§ Stored data
-- Opening Marker --
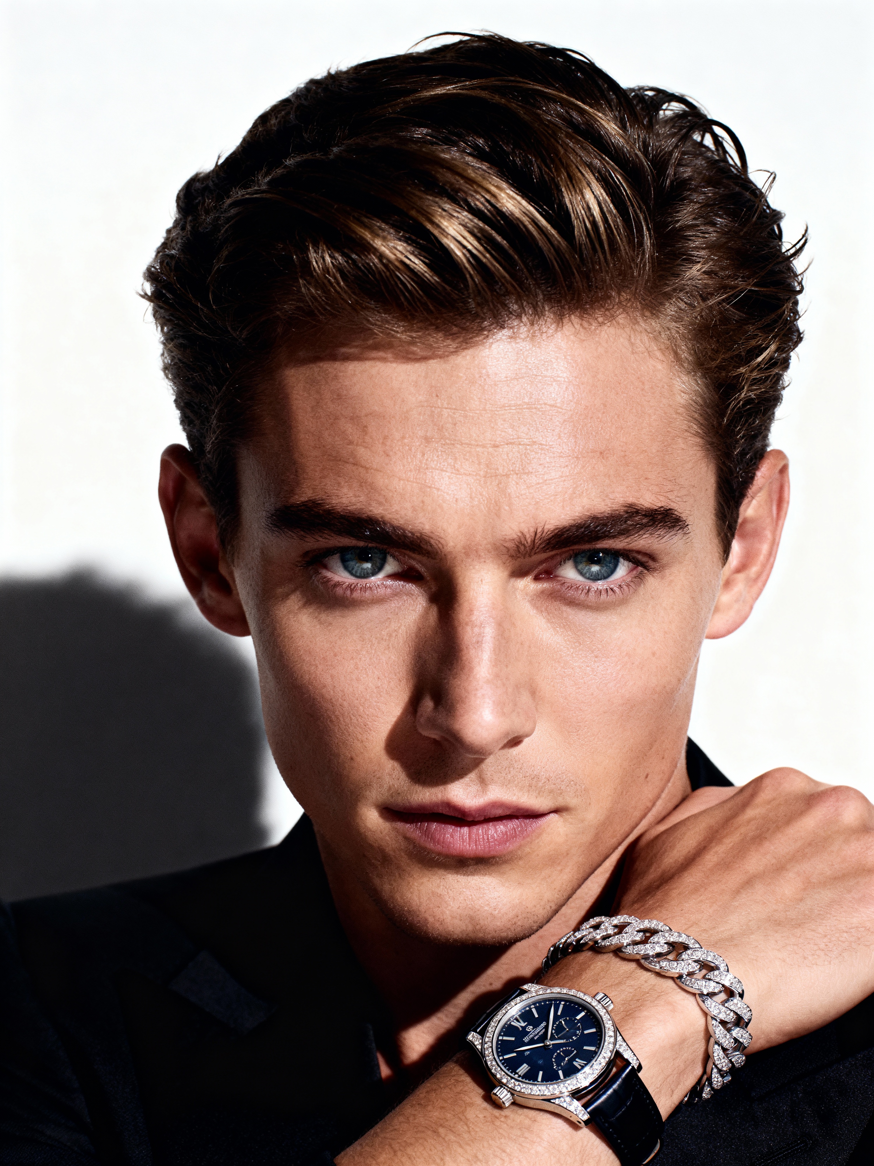 insanely beautiful model in a high-end jewelry campaign. Wearing luxury timepieces, sophisticated stance. Dramatic lighting, luxury product photography.
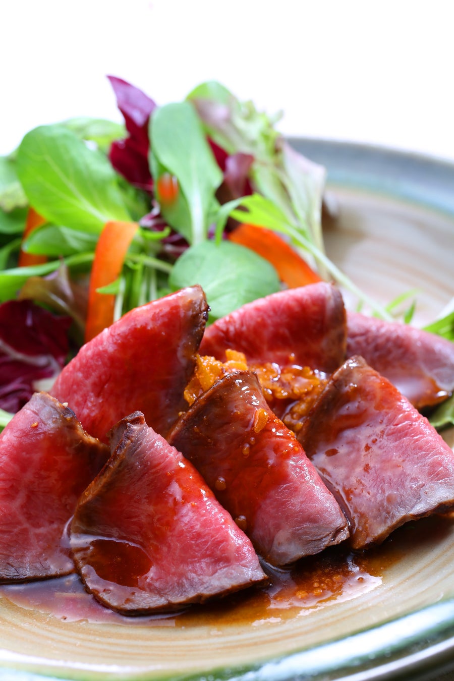 オーブンで焼くのではなく、蒸してじっくり味をなじませる、日本独特の調理法で作るローストビーフ。表面は香ばしく焼け、中はきれいなロゼ。心地よい歯ごたえと後味の良さを堪能できます。
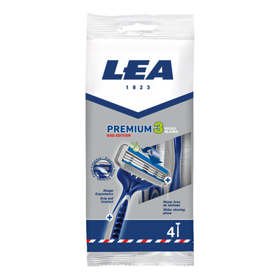 Premium 3 skraberen fra LEA er udstyret med 3 klinger, der sikrer en effektiv barbering af høj kvalitet. Skraberen har desuden en smurt strimmel beriget med Allantoin, Oliven og Kamille, der giver en behagelig glidning over huden under barberingen.
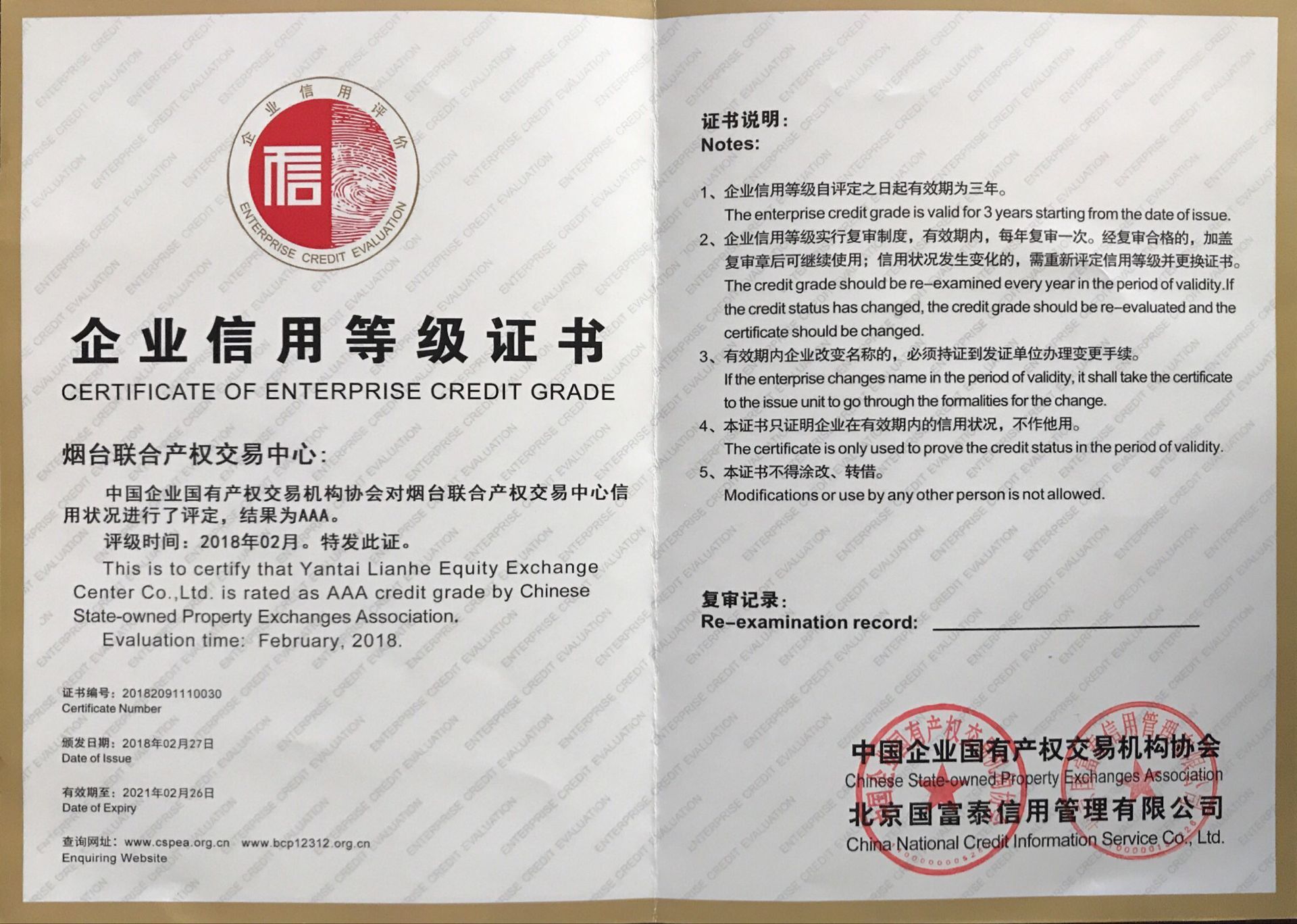 煙臺聯(lián)合產權交易中心獲評行業(yè)信用評級AAA級榮譽
-- Closing Marker --
§ What you will do
Leaving every picture out, write out exactly the lines from the one that holds "オーブンで焼くのではなく、蒸" through the end of the listing, both included.

§ Exercise answer
 オーブンで焼くのではなく、蒸してじっくり味をなじませる、日本独特の調理法で作るローストビーフ。表面は香ばしく焼け、中はきれいなロゼ。心地よい歯ごたえと後味の良さを堪能できます。
 Premium 3 skraberen fra LEA er udstyret med 3 klinger, der sikrer en effektiv barbering af høj kvalitet. Skraberen har desuden en smurt strimmel beriget med Allantoin, Oliven og Kamille, der giver en behagelig glidning over huden under barberingen.
 煙臺聯(lián)合產權交易中心獲評行業(yè)信用評級AAA級榮譽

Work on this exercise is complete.